Action item:
Only the pictures are to be left out, and the rest of the entries should be reproduced exactly.

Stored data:
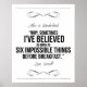 Poster "Seis coisas impossíveis" Alice no País das Maravi
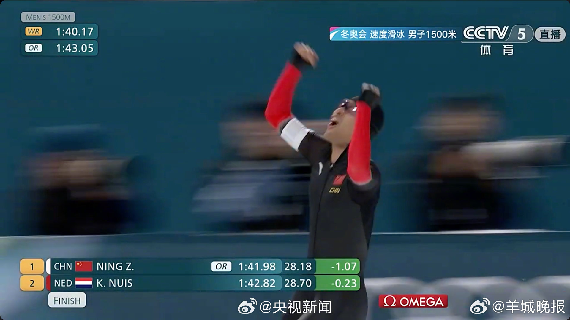 【#宁忠岩破奥运纪录夺金#】#中国队第三金来了#米兰冬奥会速度滑冰男子1500米,中国选手宁忠岩1分41秒98夺金,打破奥运纪录,飞翔的中国人!
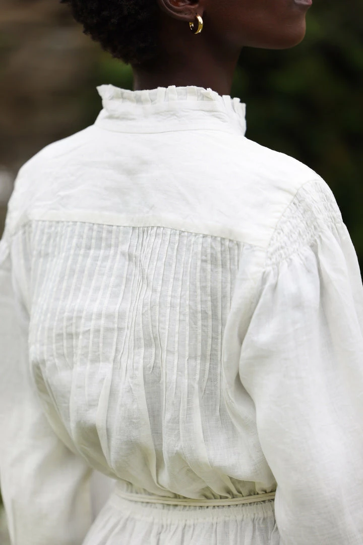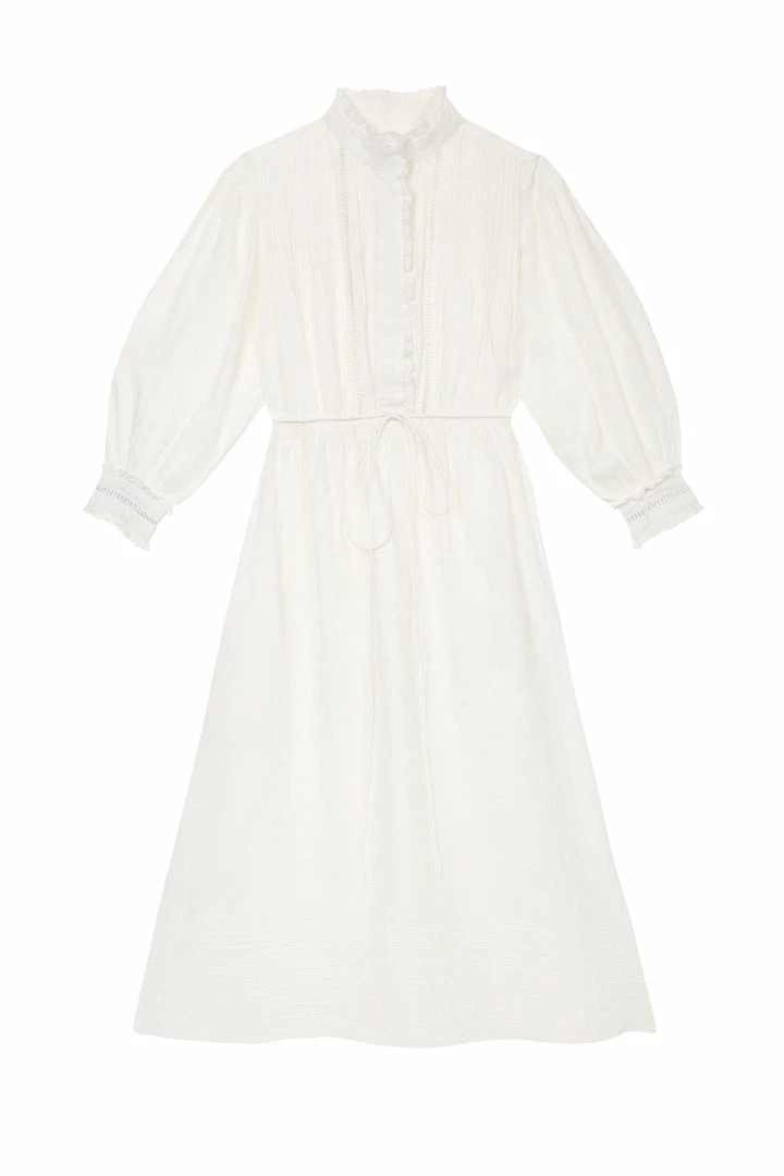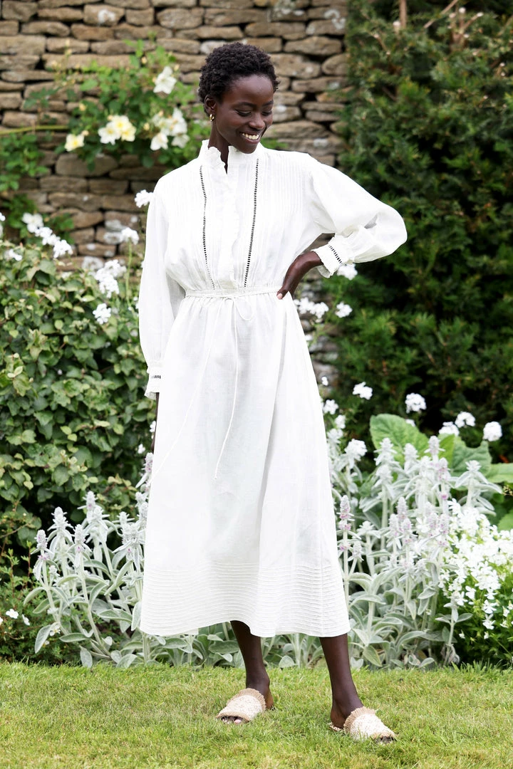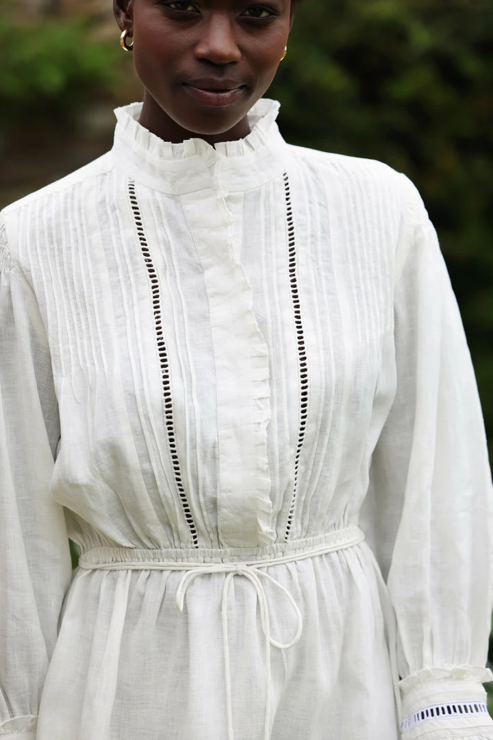 The Ladder Lace Dress Dress is cut from the softest 100% ecru linen chambray. This summer wardrobe staple has elegant frill and ladder lace details on the collar, down the front and on the cuffs. The elasticated waist and loose tie add a flattering touch and there is stylish pintucking on the hem.
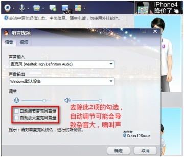 去掉自动调节麦克风音量以及自动放大麦克风音量的勾选;
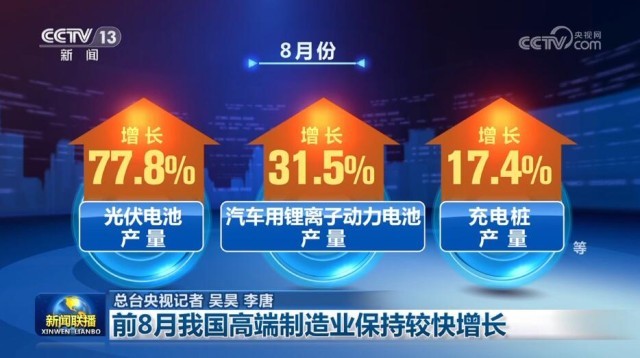 8月份,主要新能源產(chǎn)品兩位數(shù)增長(zhǎng),新能源汽車產(chǎn)量同比增長(zhǎng)13.8%,帶動(dòng)光伏電池、汽車用鋰離子動(dòng)力電池、充電樁等產(chǎn)品產(chǎn)量分別增長(zhǎng)77.8%、31.5%、17.4%;新材料產(chǎn)品生產(chǎn)保持高速增長(zhǎng),太陽能工業(yè)用超白玻璃、多晶硅、單晶硅等產(chǎn)品產(chǎn)量分別增長(zhǎng)63.3%、84.6%、79.9%。
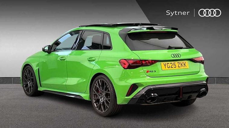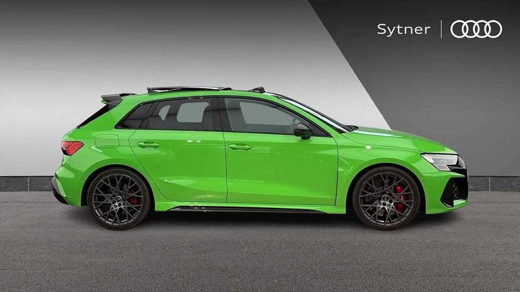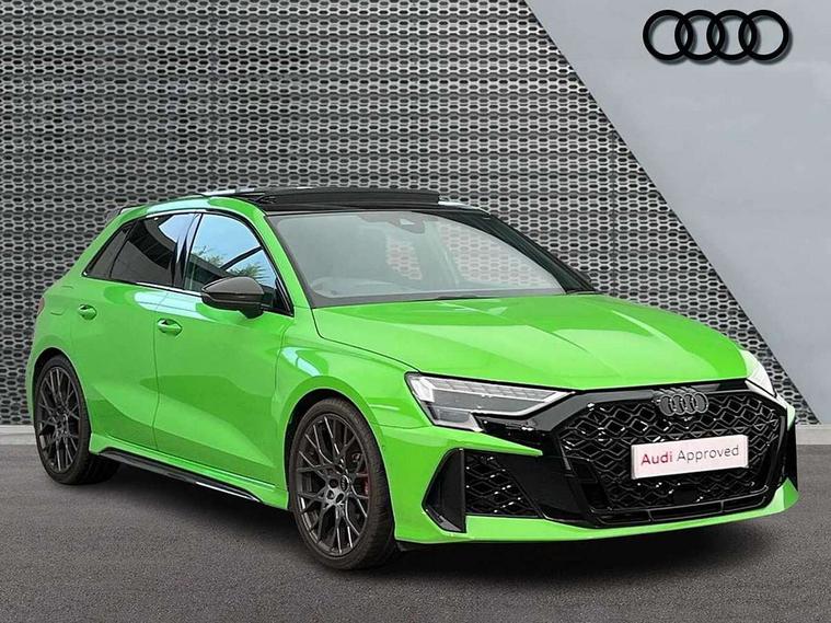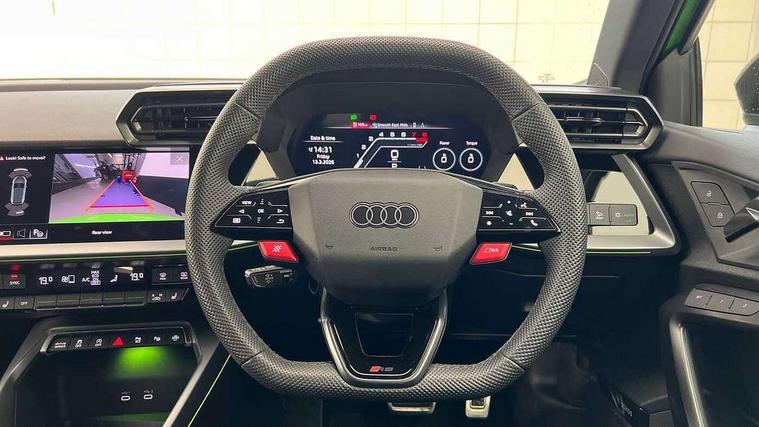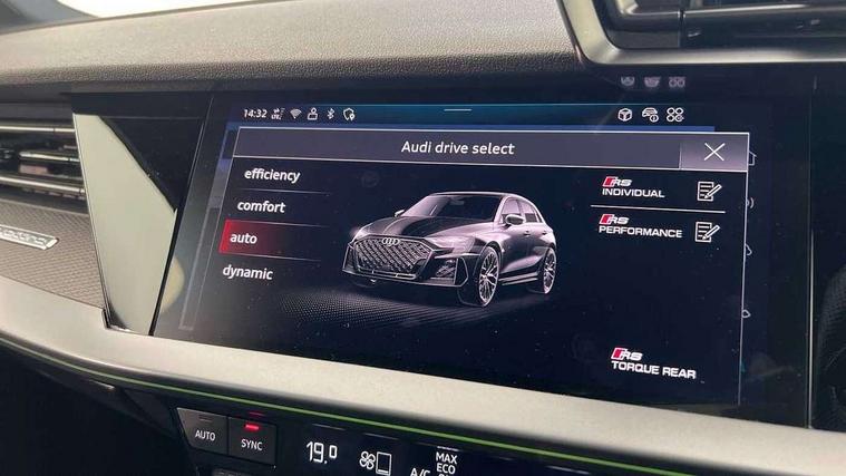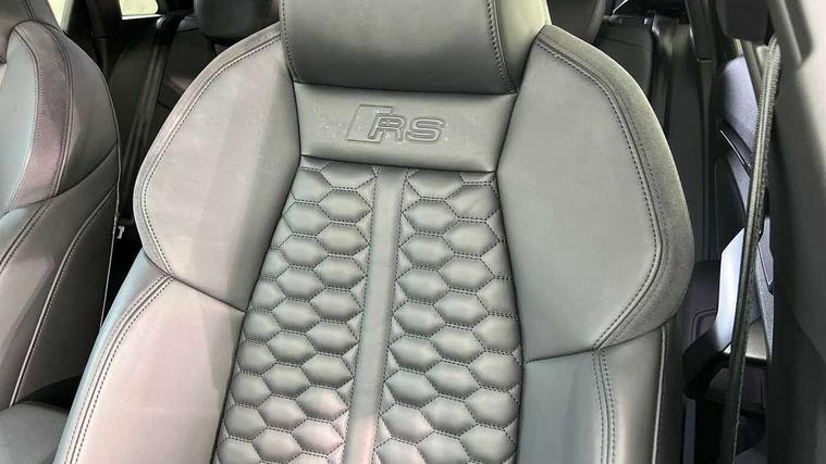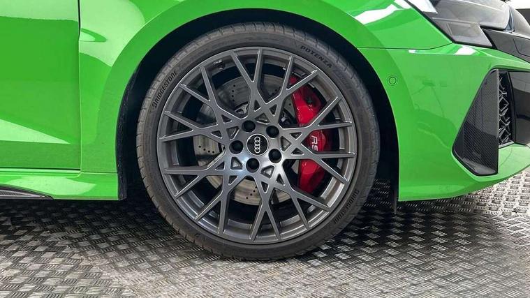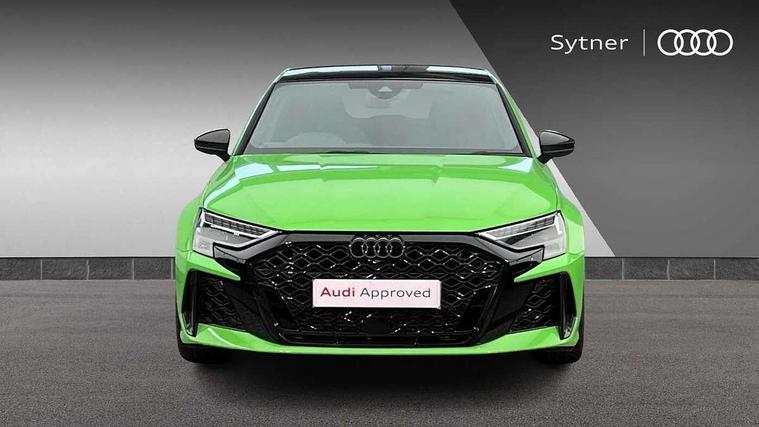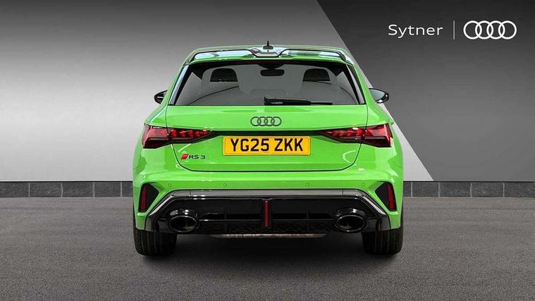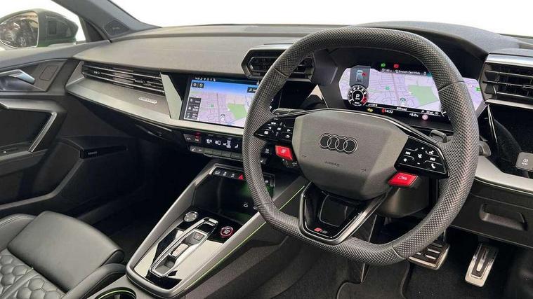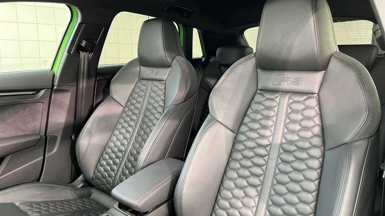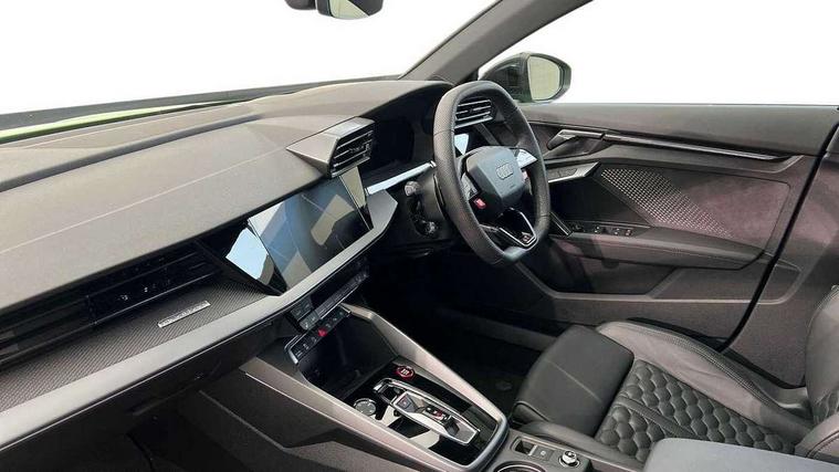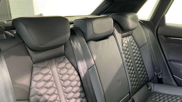 Adjustable speed limiter, Audi drive select comfort, auto, dynamic and efficiency, Audi smartphone interface with app store includes wireless Apple carplay, Android auto and Amazon alexa integration, Audi virtual cockpit plus with RS specific design and 12.3" display with additional graphic display options, Automatic start/stop system with recuperation, Bluetooth interface, Camera based traffic sign recognition, Collision avoidance assistant, Distraction and Fatigue warning, e-Call (emergency call), Lane departure warning system, MMI Navigation Plus with high resolution 10.1" colour touch screen display, Park Assist with parking system Plus, Progressive steering, RS specific driving modes - RS Individual, RS Performance and RS Torque rear, Voice control system with natural language interaction, Quattro permanent four wheel drive, Audi Phonebox light with wireless charging, DAB Digital radio, USB ports with charging function in the rear, All weather light, Audi beam LED projection of RS logo on ground as you exit, Audi darkened matrix LED headlights with dynamic light sequencing and dynamic indicator, Auto dimming frameless rear view mirror, Automatic dynamic range control, Carbon door mirror housings, Carbon fibre engine cover, Dipped beam, main beam, position light and turning light, Dynamic RS specific light sequencing of the coming home and leaving home function, Electrically adjustable/heated/folding/auto dimming door mirrors with integrated LED indications + kerb view function for passenger side, Exterior model badging, Front electric windows, Headlight cleaning system, Heat insulating glass windscreen, Intersection light, LED 3rd brake light, LED brake lights, LED daytime running x3, LED rear lights with dynamic light sequencing and dynamic indicator, LED rear number plate lights, LED reverse light, LED tail lights, Light and rain sensors, Manoeuvring light, Motorway light, Privacy glass - dark tinted rear window, rear door and side windows, Rear electric windows, Rear side wing doors, Rear wiper, Roof edge spoiler in carbon, RS dual branch exhaust system with two chrome plated oval tailpipe trims, Static Cornering lights, Visually upgraded RS specific daytime running light choice of 4 digital signature in chequered flag design within the headlight, 12V socket and storage compartment in front centre console, 3 seat bench in 2nd row, 3 Spoke flat top and bottomed black leather multi function steering and gear shift paddles, 3-zone deluxe automatic air conditioning, 40/20/40 split folding rear seat bench, Black cloth headlining, Front and rear headrests, Front centre armrest, Front door sill trims with RS 3 logo, Front sports seats RS embossed logo, Front/rear floor mats, Heated front seats, Height and reach adjustable steering wheel, Manual boot compartment lid, Manually adjustable front seats, Rear centre armrest with cupholder, Seat side bolsters, Single front passenger seat, Stainless steel pedals and front footrest in black, Vanadium look - Interior door handles, Door trim, power latching, Air vents, window controls, mirror adjust, rear door lock, Selector lever in centre console, Black Styling plus package - RS3, Extended ambient lighting package Pro with Multi-coloured contour lighting of instrument panel - RS3, RS exterior features pack in carbon and gloss black - RS3, RS sport suspension pack - RS3, Storage package - RS3 Sportback, Technology package without speed limiter - RS3, 3x3 point rear seat belts, Driver and front passenger airbag with passenger airbag deactivation, Electronic Stabilisation Control (ESC) including ABS, ASR and EDL, First aid kit with warning triangle and 2 safety vests, Hill hold assist, Pre-sense front with pedestrian and cyclist detection, RS steel brakes, Seatbelt monitoring, Tyre pressure loss indicator, Anti theft alarm, Anti-theft wheel bolts, Electronically operated child locks, Remote central locking with safelock, Inlays in carbon atlas structure, 19" 10 cross spoke silk matt grey alloy wheels, Tyre repair kit,

Task solution:
 Poster "Seis coisas impossíveis" Alice no País das Maravi
 【#宁忠岩破奥运纪录夺金#】#中国队第三金来了#米兰冬奥会速度滑冰男子1500米,中国选手宁忠岩1分41秒98夺金,打破奥运纪录,飞翔的中国人!
 The Ladder Lace Dress Dress is cut from the softest 100% ecru linen chambray. This summer wardrobe staple has elegant frill and ladder lace details on the collar, down the front and on the cuffs. The elasticated waist and loose tie add a flattering touch and there is stylish pintucking on the hem.
 去掉自动调节麦克风音量以及自动放大麦克风音量的勾选;
 8月份,主要新能源產(chǎn)品兩位數(shù)增長(zhǎng),新能源汽車產(chǎn)量同比增長(zhǎng)13.8%,帶動(dòng)光伏電池、汽車用鋰離子動(dòng)力電池、充電樁等產(chǎn)品產(chǎn)量分別增長(zhǎng)77.8%、31.5%、17.4%;新材料產(chǎn)品生產(chǎn)保持高速增長(zhǎng),太陽能工業(yè)用超白玻璃、多晶硅、單晶硅等產(chǎn)品產(chǎn)量分別增長(zhǎng)63.3%、84.6%、79.9%。
 Adjustable speed limiter, Audi drive select comfort, auto, dynamic and efficiency, Audi smartphone interface with app store includes wireless Apple carplay, Android auto and Amazon alexa integration, Audi virtual cockpit plus with RS specific design and 12.3" display with additional graphic display options, Automatic start/stop system with recuperation, Bluetooth interface, Camera based traffic sign recognition, Collision avoidance assistant, Distraction and Fatigue warning, e-Call (emergency call), Lane departure warning system, MMI Navigation Plus with high resolution 10.1" colour touch screen display, Park Assist with parking system Plus, Progressive steering, RS specific driving modes - RS Individual, RS Performance and RS Torque rear, Voice control system with natural language interaction, Quattro permanent four wheel drive, Audi Phonebox light with wireless charging, DAB Digital radio, USB ports with charging function in the rear, All weather light, Audi beam LED projection of RS logo on ground as you exit, Audi darkened matrix LED headlights with dynamic light sequencing and dynamic indicator, Auto dimming frameless rear view mirror, Automatic dynamic range control, Carbon door mirror housings, Carbon fibre engine cover, Dipped beam, main beam, position light and turning light, Dynamic RS specific light sequencing of the coming home and leaving home function, Electrically adjustable/heated/folding/auto dimming door mirrors with integrated LED indications + kerb view function for passenger side, Exterior model badging, Front electric windows, Headlight cleaning system, Heat insulating glass windscreen, Intersection light, LED 3rd brake light, LED brake lights, LED daytime running x3, LED rear lights with dynamic light sequencing and dynamic indicator, LED rear number plate lights, LED reverse light, LED tail lights, Light and rain sensors, Manoeuvring light, Motorway light, Privacy glass - dark tinted rear window, rear door and side windows, Rear electric windows, Rear side wing doors, Rear wiper, Roof edge spoiler in carbon, RS dual branch exhaust system with two chrome plated oval tailpipe trims, Static Cornering lights, Visually upgraded RS specific daytime running light choice of 4 digital signature in chequered flag design within the headlight, 12V socket and storage compartment in front centre console, 3 seat bench in 2nd row, 3 Spoke flat top and bottomed black leather multi function steering and gear shift paddles, 3-zone deluxe automatic air conditioning, 40/20/40 split folding rear seat bench, Black cloth headlining, Front and rear headrests, Front centre armrest, Front door sill trims with RS 3 logo, Front sports seats RS embossed logo, Front/rear floor mats, Heated front seats, Height and reach adjustable steering wheel, Manual boot compartment lid, Manually adjustable front seats, Rear centre armrest with cupholder, Seat side bolsters, Single front passenger seat, Stainless steel pedals and front footrest in black, Vanadium look - Interior door handles, Door trim, power latching, Air vents, window controls, mirror adjust, rear door lock, Selector lever in centre console, Black Styling plus package - RS3, Extended ambient lighting package Pro with Multi-coloured contour lighting of instrument panel - RS3, RS exterior features pack in carbon and gloss black - RS3, RS sport suspension pack - RS3, Storage package - RS3 Sportback, Technology package without speed limiter - RS3, 3x3 point rear seat belts, Driver and front passenger airbag with passenger airbag deactivation, Electronic Stabilisation Control (ESC) including ABS, ASR and EDL, First aid kit with warning triangle and 2 safety vests, Hill hold assist, Pre-sense front with pedestrian and cyclist detection, RS steel brakes, Seatbelt monitoring, Tyre pressure loss indicator, Anti theft alarm, Anti-theft wheel bolts, Electronically operated child locks, Remote central locking with safelock, Inlays in carbon atlas structure, 19" 10 cross spoke silk matt grey alloy wheels, Tyre repair kit,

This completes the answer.